▶ _Activity_
Begin at the line that holds "T'nB TCUSB02BK. Snoerlengte: 2" and copy each line exactly until the data below ends, including that last line but no pictures.

▶ _Recorded information_
---------------
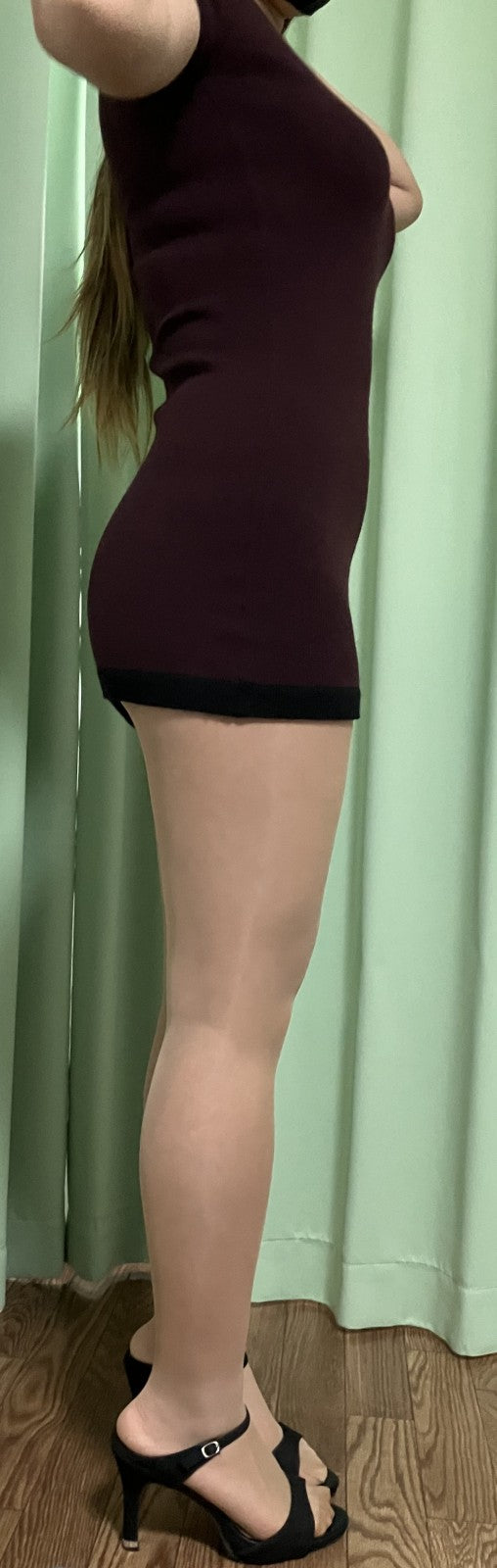 CHANEL Cashmere Dress Burgundy x Black Length 29.1" Waist 13.4"
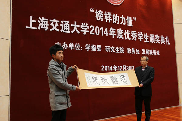 2014年12月30日下午,“榜樣的力量”——上海交通大學(xué)2014年度優(yōu)秀學(xué)生頒獎(jiǎng)典禮在交大閔行校區(qū)陳瑞球樓報(bào)告廳舉行。上海交通大學(xué)黨委書記姜斯憲、黨委副書記朱健、副校長(zhǎng)張安勝、副校長(zhǎng)徐學(xué)敏,知名教授劉西拉、俞勇、李亦中、施索華,各院系單位負(fù)責(zé)人、設(shè)獎(jiǎng)單位代表及部分學(xué)生代表出席了會(huì)議。聯(lián)合水務(wù)集團(tuán)董事長(zhǎng)兼總裁俞偉景及其他捐贈(zèng)方負(fù)責(zé)人共同出席并為捐贈(zèng)獎(jiǎng)學(xué)金的獲獎(jiǎng)?wù)哌M(jìn)行頒獎(jiǎng)。
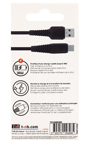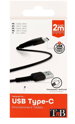 T'nB TCUSB02BK. Snoerlengte: 2 m. Aansluiting 1: USB C, Aansluiting 2: USB A, Kleur van het product: Zwart
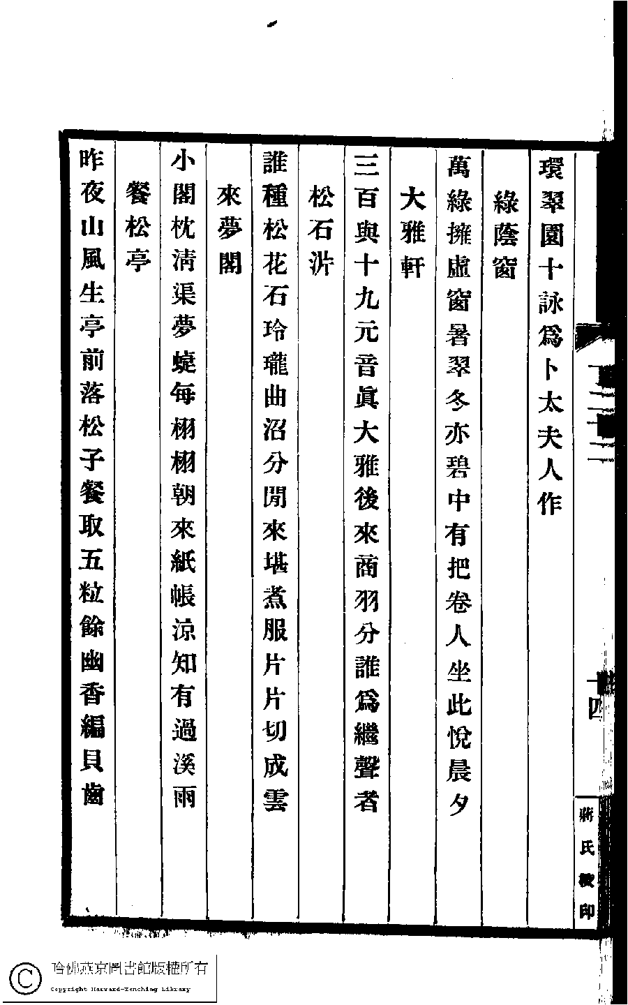 | (PRINT FRIENDLY VERSION) 德風亭初集﹕十三卷(清王貞儀撰)。民國五年(1916)蔣氏[國榜]愼脩書屋校印本。 ![]() Page : 10.14b | click for larger image | Back |
---------------
▶ _Response area_
 T'nB TCUSB02BK. Snoerlengte: 2 m. Aansluiting 1: USB C, Aansluiting 2: USB A, Kleur van het product: Zwart
 | (PRINT FRIENDLY VERSION) 德風亭初集﹕十三卷(清王貞儀撰)。民國五年(1916)蔣氏[國榜]愼脩書屋校印本。 ![]() Page : 10.14b | click for larger image | Back |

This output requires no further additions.